Background

With the rapid development of modern times, the number of chemicals contributing to anthropogenic contamination of the environment is increasing [1]. The increasing application of various chemicals often results in the formation of complex mixture pollutants. In reality, chemicals that usually occur at low concentrations and in mixtures will affect subtle physiological traits in organisms and may directly or indirectly cause long-term adverse ecological effects [2,3,4,5,6]. It is undeniable that humans are always exposed to complex mixtures; however, current risk assessments commonly focus on single chemicals or simple mixtures [7, 8]. Additionally, the mixture studied is often only a mixture ray [9, 10] in a multicomponent mixture system, which lacks representativeness and therefore does not reflect real environmental mixtures. It is necessary to rationally and effectively evaluate the combined toxicity of many mixtures with diverse concentration compositions [11]. The uniform design-based ray design (UD-Ray) developed in our laboratory [8, 12] is an effective method for the evaluation of combined toxicity. The UD-Ray can select some representative mixture rays from a number of mixtures for systematic investigation to reveal the toxicity of a mixture system [13,14,15,16].

The selection of model organism is often as important as mixture experimental design. Caenorhabditis elegans (C. elegans), due to its many features such as its short life cycle, ease of generating mass cultures and low cost, has been proven to be a sensitive and valuable bioindicator of toxicants [17,18,19,20]. In the face of the rapid development of transgenic technology, by introducing mutations into the green fluorescent protein (GFP) gene [21], C. elegans and genetically modified strains have also been used widely for ecological risk assessment and environmental toxicology [22,23,24,25]. For example, researchers evaluated the toxicity of heavy metal exposure and the possible transferable properties with GFP variants in C. elegans [26,27,28,29]. McVey et al. [30] studied three different strains with GFP-tagged neurons to facilitate visual assessment of neurons that were chronically exposed to glyphosate. Lenz et al. [31] used a daf-16::GFP transgenic strain to evaluate the potential toxicity of triclosan and triclocarban. A toxicity assessment of nanometer materials was performed in vivo using a GFP transgenic strain [32,33,34].

Our research group explored the toxicities and toxicological interactions of a six-component mixture system of two pesticides (dichlorvos (DIC) and glyphosate (GLY)), two substituted phenols (4-chlorophenol (4-CP) and 4-nitrophenol (4-NP)) and two ionic liquids (1-butylpyridinium chloride ([bpy]Cl) and 1-butylpyridinium bromide ([bpy]Br)) on sod-3::GFP transgenic C. elegans (SOD-3) [35] and wild-type C. elegans (N2) [20]. It was shown that the toxicities of the six components were greater on genetically modified strains (SOD-3) than on N2. The toxicological interactions of various mixtures on SOD-3 and N2 were different. For example, at 12 h, the interactions of most mixtures on SOD-3 were antagonistic (ANT) and those on N2 were synergistic (SYN) or additive (ADD). However, whether other genetically modified nematodes have similar toxicity characteristics and interaction patterns needs more in-depth study and more cases.

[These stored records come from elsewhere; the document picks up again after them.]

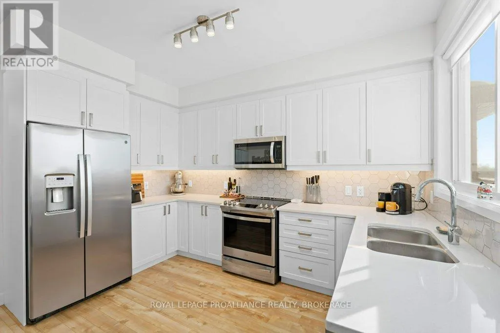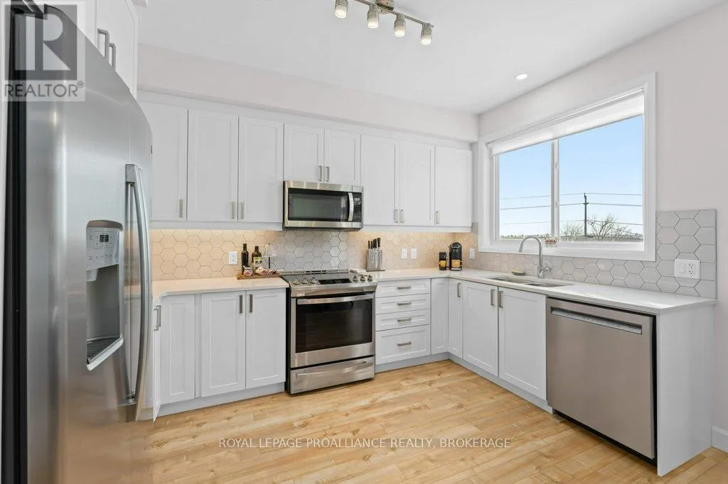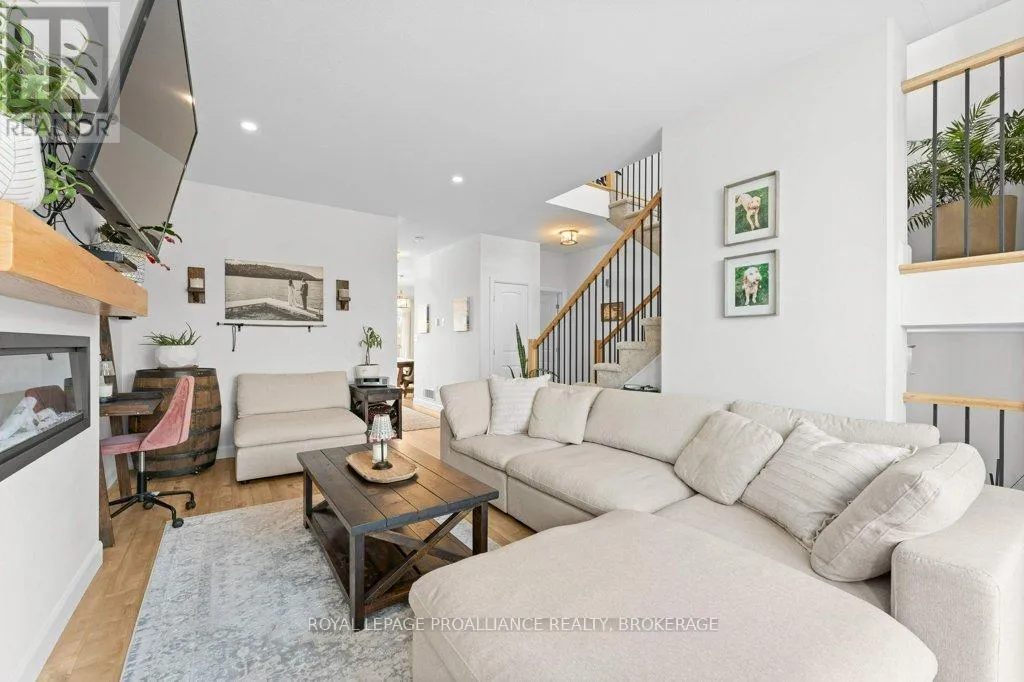 Cross Streets: Walden Pond. ** Directions: County Road 6 to Walden Pond to Superior. Welcome to 139 Superior Drive, a spacious townhome in Amherstview's Lakeside Ponds neighbourhood. Built about 5 years ago and sitting on a deep fenced lot with no rear neighbours, you will delight in the various upgrades. The driveway has been widened to accommodate 2 cars and the garage has inside entry to the ground level where you will find a large living space currently used as a gym. This could easily be converted to a recreation room and offers access to the yard and patio. Quality laminate floors are found on both the main and bedroom level. The sunny living room features an electric fireplace and access to a large deck. The kitchen is complete with quartz countertops and four stainless steel appliances. Patio doors from the eating area open onto a small deck. Upstairs are 3 good size bedrooms and 2 bathrooms. The primary bedroom has a 3 pc ensuite and lots of closet space. This home is move-in ready and is a short drive to amenities. (id:27476)
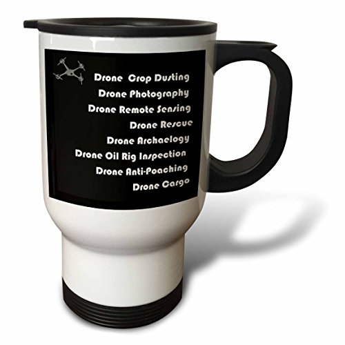 3dRose tm_179962_1 Black and White Drone with Different Types of Drones Travel Mug, 14-Ounce, Stainless Steel
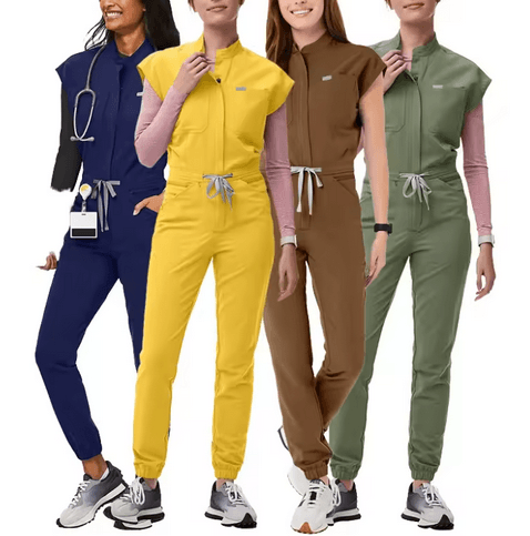 Women Short Sleeve One Piece Scrub Sets Jogger Medical Scrub Jumpsuit Custom Logo with scriptural inscription for Hospital Nurse Uniform. e.g. By His stripes we are healed. (Isaiah 53:5)
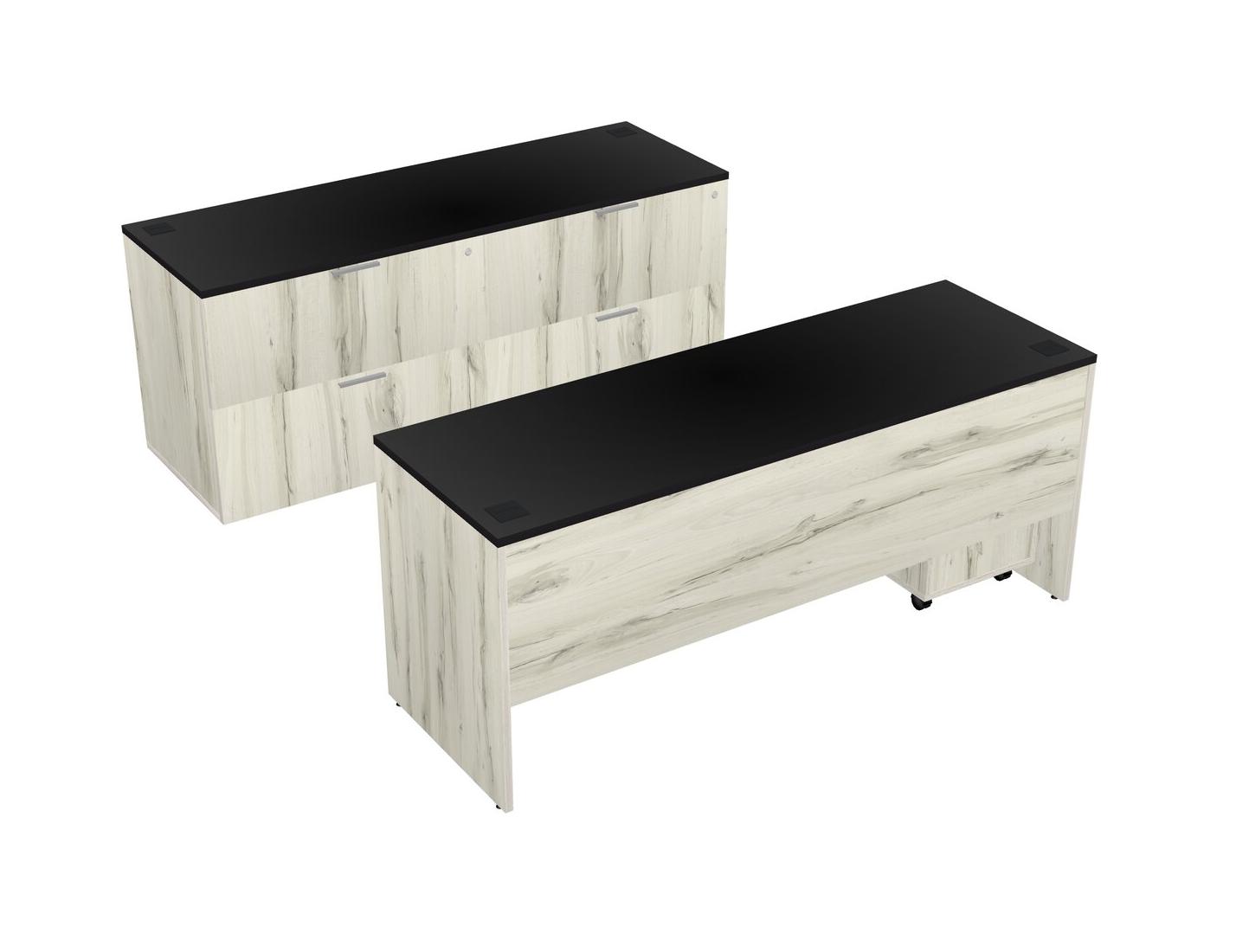 Black Office Parallel Desk With Lateral File Cabinet + Wooden Mobile Drawers

Since the expression of the metallothionein genes, mtl-1 and mtl-2, is very low in wild-type C. elegans, the genes can significantly induce the transcriptional expression of metallothionein in intestinal tissues when C. elegans are exposed to heavy metals [36]. Based on this, the mtl-2::GFP genetically modified C. elegans (MTL-2) could reveal the influence of genetically modified factors on the toxicities and toxicological interactions of nonmetallic mixtures. In our initial experiments, some nonmetallic compounds such as DIC and 4-CP exhibited obvious lethal toxicity to MTL-2 and had good concentration–response relationships, which implies that MTL-2 can be a sensitive biomarker of lethal toxicity.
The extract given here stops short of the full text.